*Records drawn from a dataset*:
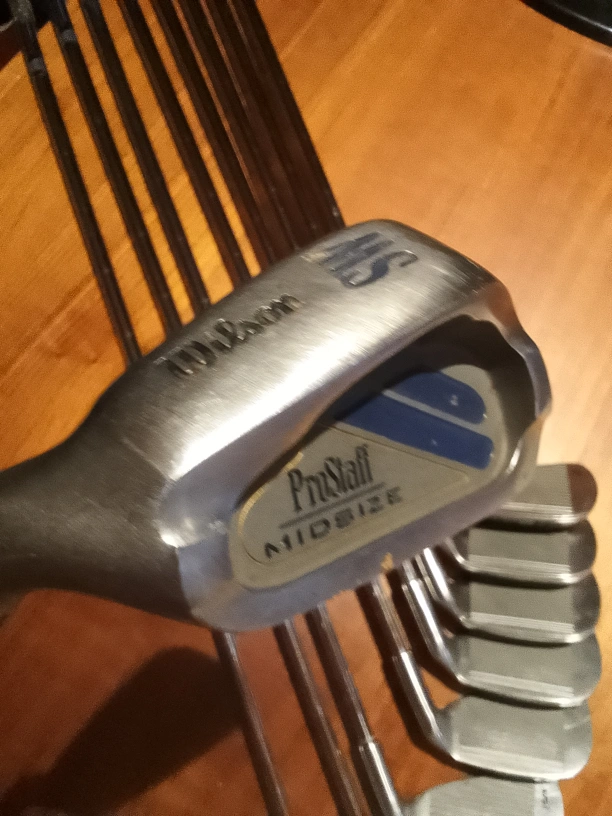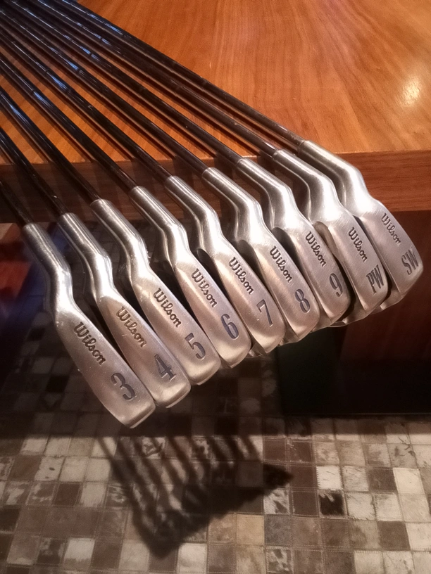 Selling a set of Wilson ProStaff golf irons. The set includes irons 3 through 9, plus pitching wedge (PW) and sand wedge (SW). The grips are in excellent condition.
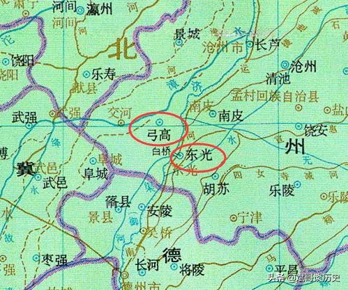 弓高城,在今天的泊头市后城子村,与阜城县前城子村交界,与东光县并不搭界,而史载弓高县并入东光县,可见东光县域在宋以后有较大的变化。
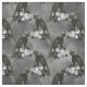 This Gothic-inspired design showcases black birds with silver crowns sitting on black and white flowers on a grey background.
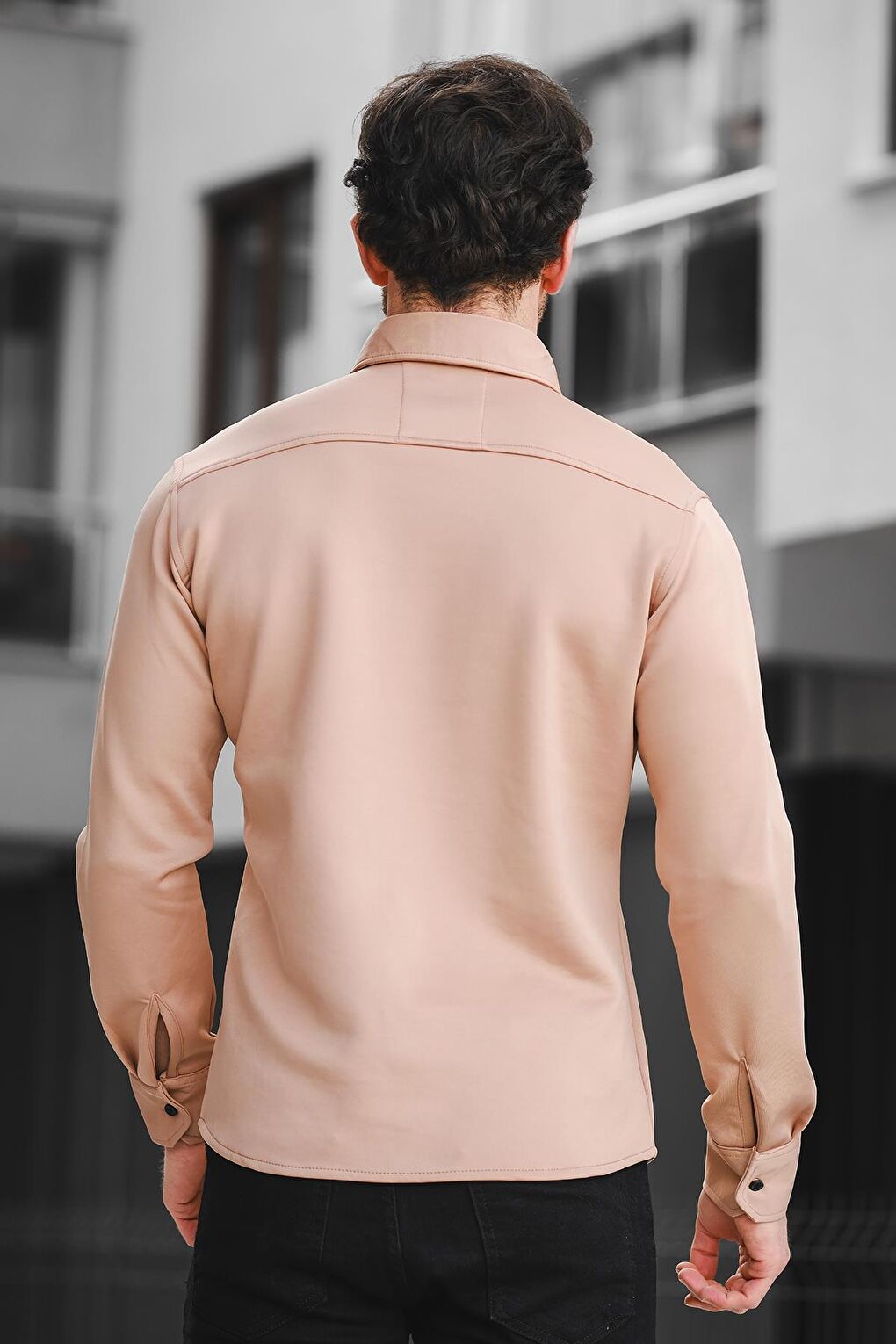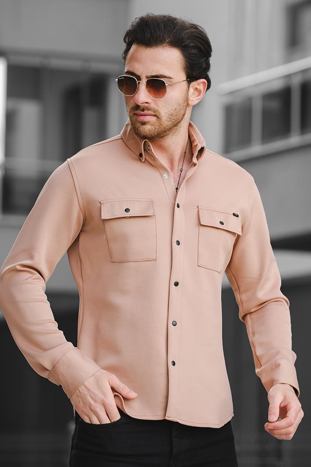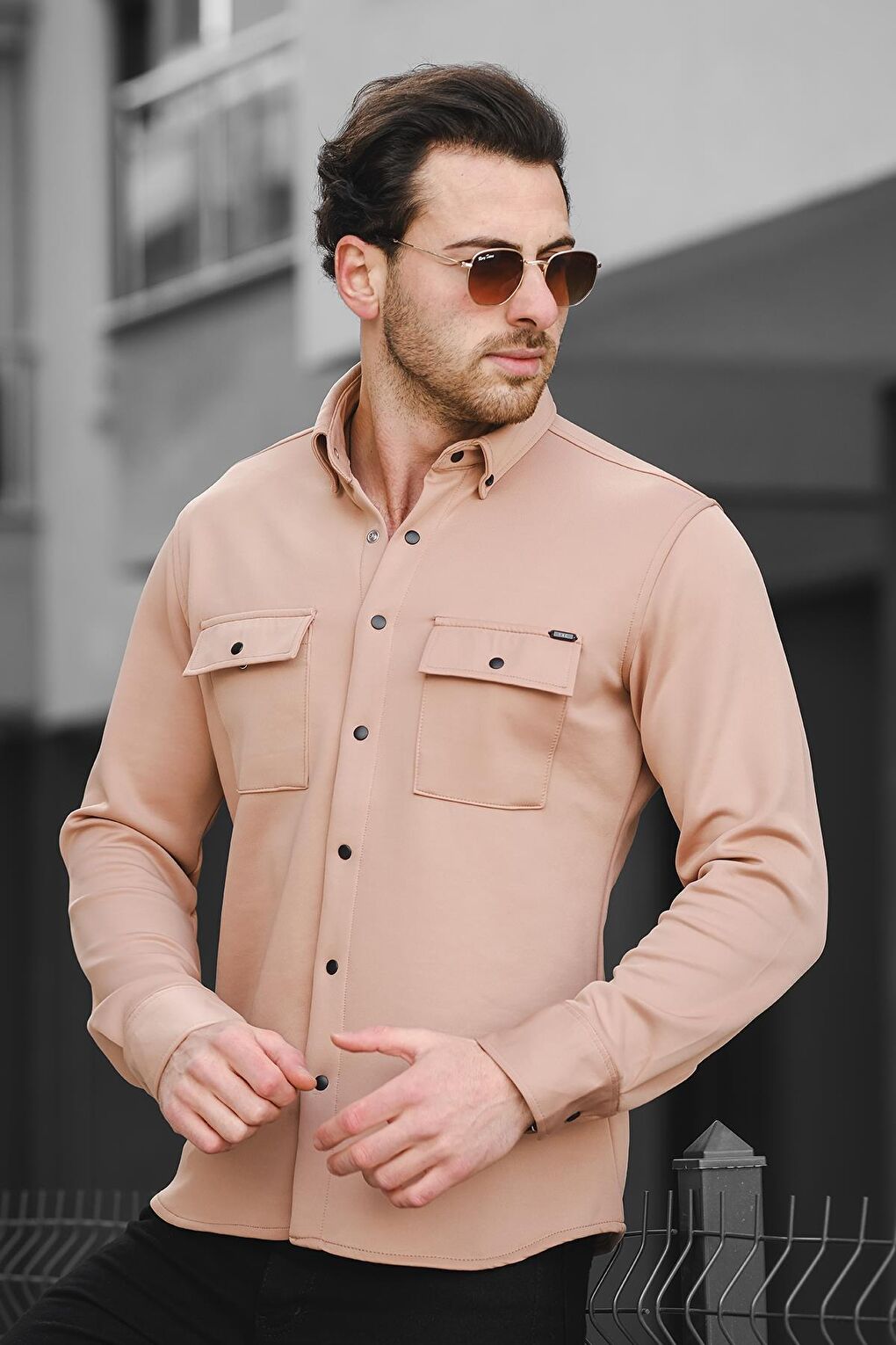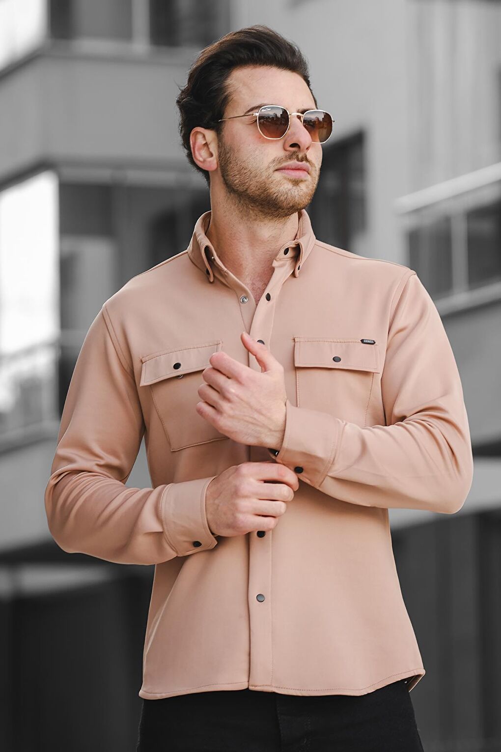 - نام : Yx 16703 Çift Cep Kapaklı Çıt Çıtlı Likralı Scuba Kumaş Erkek Gömlek
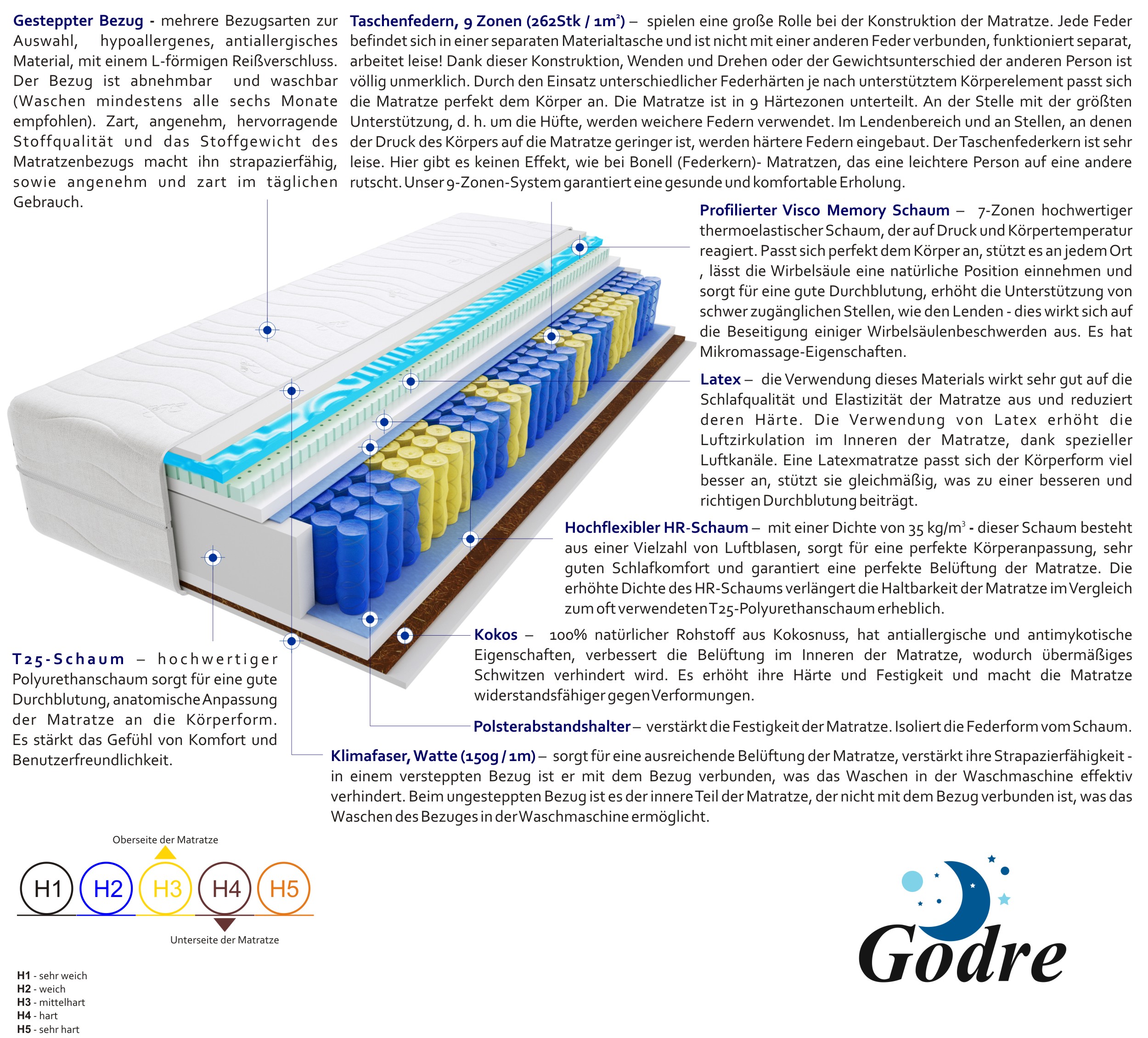 taschenfedern, hochelastischer-hr-schaum, latex-2-cm, profilierter-visco-memory-schaum-2-cm, kokos, t25-schaum, klimafaser, filz, gesteppter-bezug
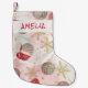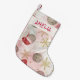Celebrate the holidays with a sporty flair using this unique personalized Christmas stocking. Featuring a charming watercolor design with festive pink and red hues, sparkling golden snowflakes, and stylish volleyballs with Santa hats. Personalize with name, making it an ideal gift for volleyball players, coaches, or fans. Hang it by the fireplace with care, ready for Santa to fill with treats, and add a special touch of their favorite sport to your holiday decor.
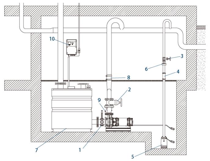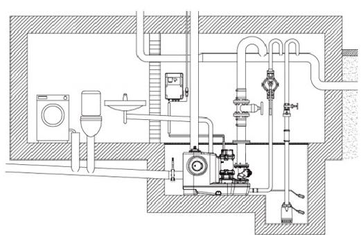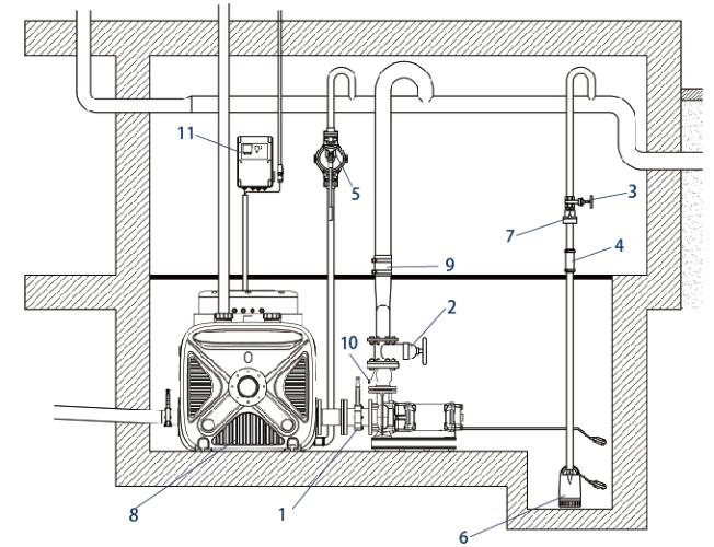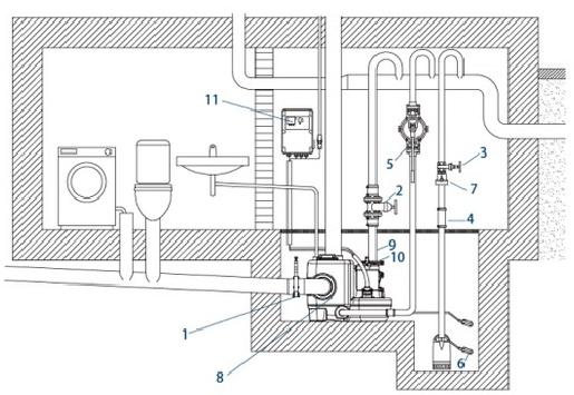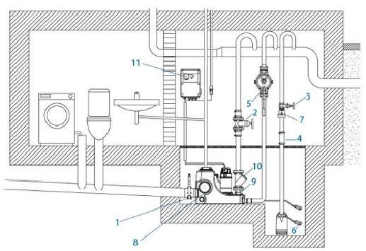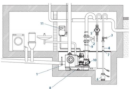| 7 - Tekshirish valfi | 8 - kanalizatsiya ko'tarish moslamasi | 9 - amortizator shlangi |

*Assigned task*:
Leave out any pictures, please, and quote only the lines from the top of the data through the line that contains "- نام : Yx 16703".

*Exercise solution*:
 Selling a set of Wilson ProStaff golf irons. The set includes irons 3 through 9, plus pitching wedge (PW) and sand wedge (SW). The grips are in excellent condition.
 弓高城,在今天的泊头市后城子村,与阜城县前城子村交界,与东光县并不搭界,而史载弓高县并入东光县,可见东光县域在宋以后有较大的变化。
 This Gothic-inspired design showcases black birds with silver crowns sitting on black and white flowers on a grey background.
 - نام : Yx 16703 Çift Cep Kapaklı Çıt Çıtlı Likralı Scuba Kumaş Erkek Gömlek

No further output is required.